(SUPPLIED DATA begins)

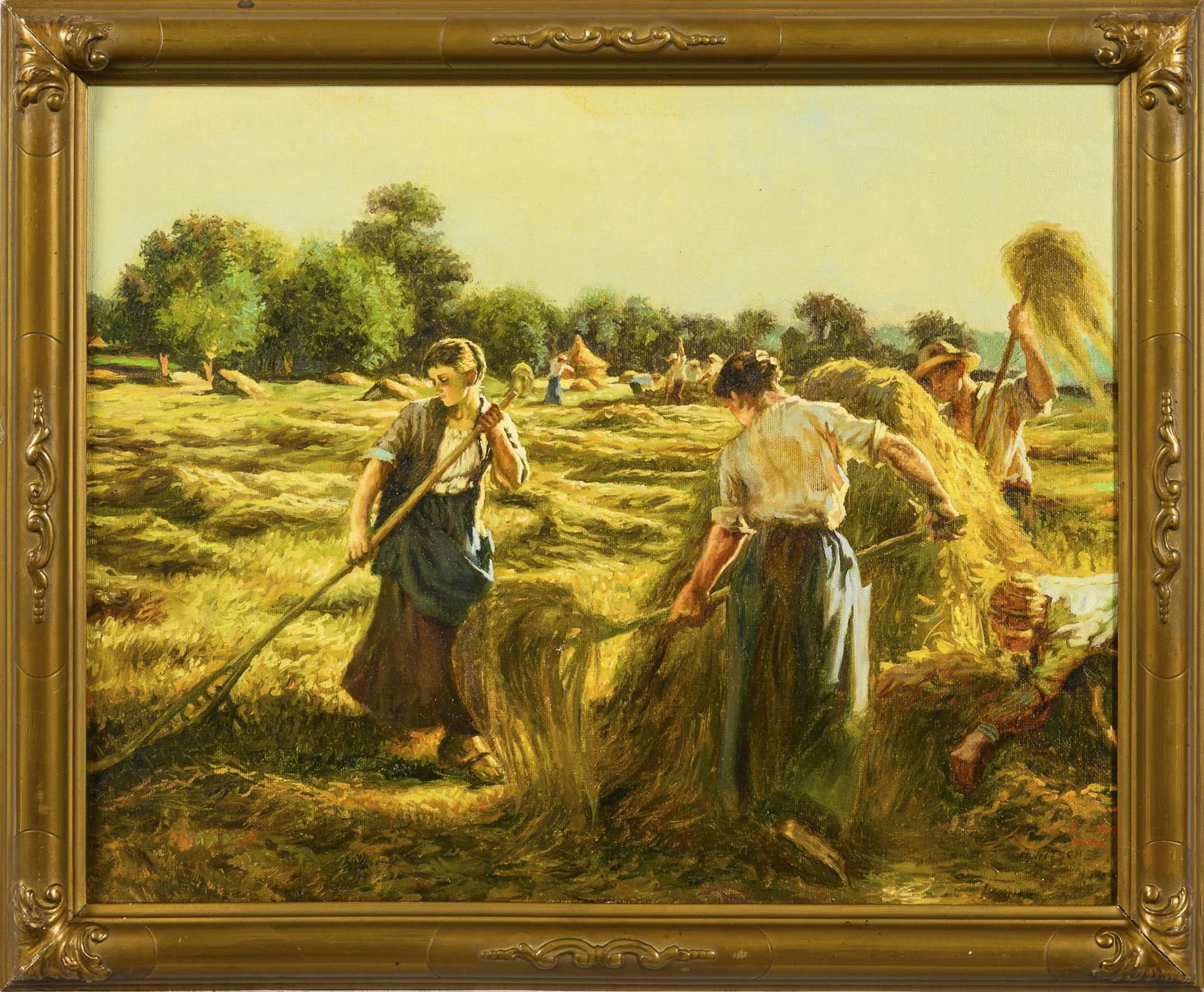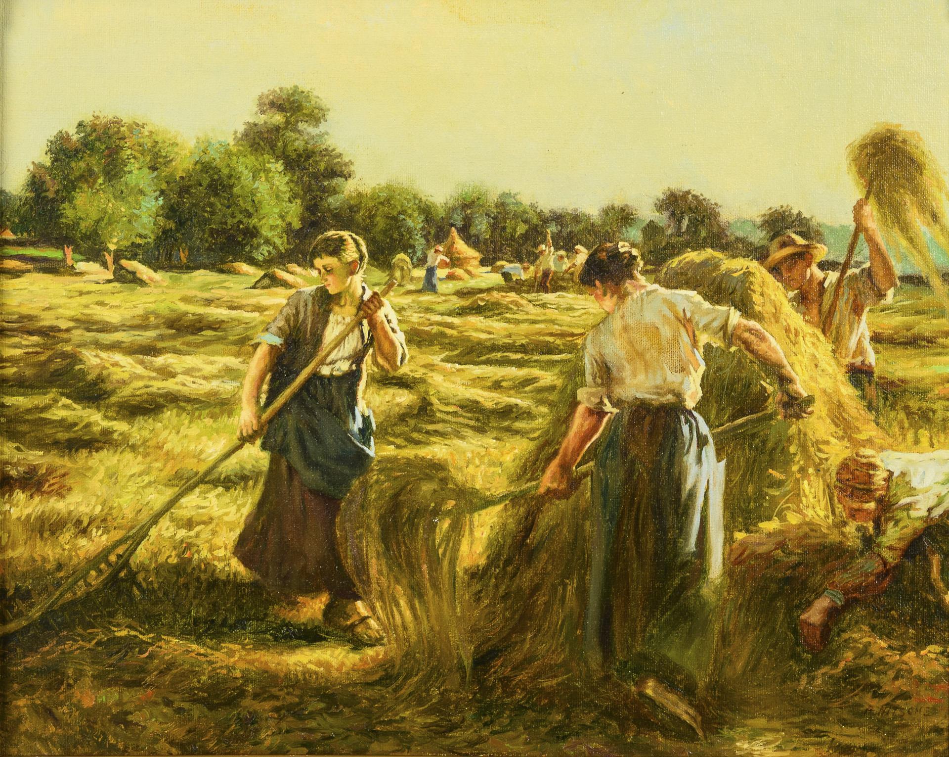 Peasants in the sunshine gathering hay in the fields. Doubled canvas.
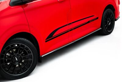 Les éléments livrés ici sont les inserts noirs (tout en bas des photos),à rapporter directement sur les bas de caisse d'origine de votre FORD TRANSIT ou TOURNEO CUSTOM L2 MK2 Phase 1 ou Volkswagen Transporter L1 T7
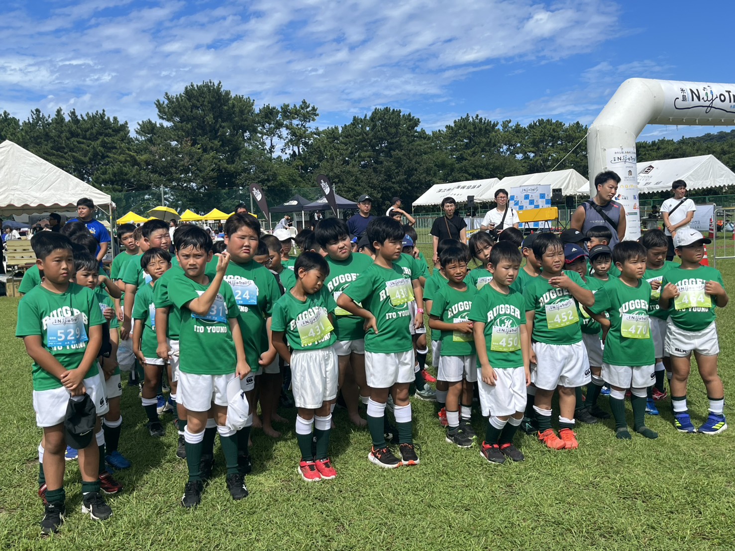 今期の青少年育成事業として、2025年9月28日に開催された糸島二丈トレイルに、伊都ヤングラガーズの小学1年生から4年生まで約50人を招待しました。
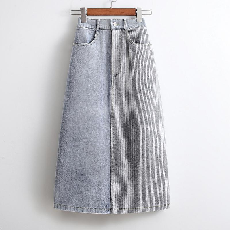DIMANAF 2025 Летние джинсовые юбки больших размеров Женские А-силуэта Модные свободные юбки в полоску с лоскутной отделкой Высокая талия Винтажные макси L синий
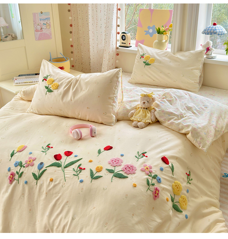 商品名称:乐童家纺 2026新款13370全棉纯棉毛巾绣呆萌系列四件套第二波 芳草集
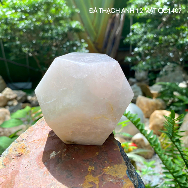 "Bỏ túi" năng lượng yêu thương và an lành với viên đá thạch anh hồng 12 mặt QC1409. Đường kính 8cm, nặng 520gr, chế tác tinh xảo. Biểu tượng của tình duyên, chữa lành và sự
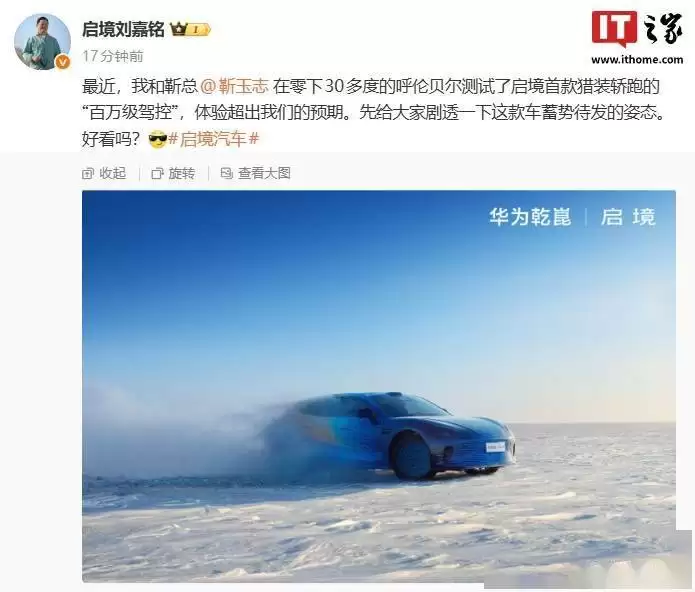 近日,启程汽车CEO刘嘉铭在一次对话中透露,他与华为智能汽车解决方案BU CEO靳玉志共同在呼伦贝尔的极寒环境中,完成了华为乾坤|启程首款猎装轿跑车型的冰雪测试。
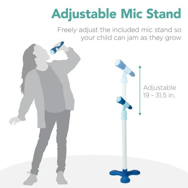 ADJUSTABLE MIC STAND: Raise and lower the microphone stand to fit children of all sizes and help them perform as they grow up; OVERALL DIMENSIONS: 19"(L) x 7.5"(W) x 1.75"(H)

(SUPPLIED DATA ends)

Of the records above, print only the lines from the one containing "商品名称:乐童家纺 2026新款13370全棉纯棉毛巾绣呆萌系列四件套第二波 芳草集" through the one containing "近日,启程汽车CEO刘嘉铭在", inclusive and unaltered, leaving out pictures.

 商品名称:乐童家纺 2026新款13370全棉纯棉毛巾绣呆萌系列四件套第二波 芳草集
 "Bỏ túi" năng lượng yêu thương và an lành với viên đá thạch anh hồng 12 mặt QC1409. Đường kính 8cm, nặng 520gr, chế tác tinh xảo. Biểu tượng của tình duyên, chữa lành và sự
 近日,启程汽车CEO刘嘉铭在一次对话中透露,他与华为智能汽车解决方案BU CEO靳玉志共同在呼伦贝尔的极寒环境中,完成了华为乾坤|启程首款猎装轿跑车型的冰雪测试。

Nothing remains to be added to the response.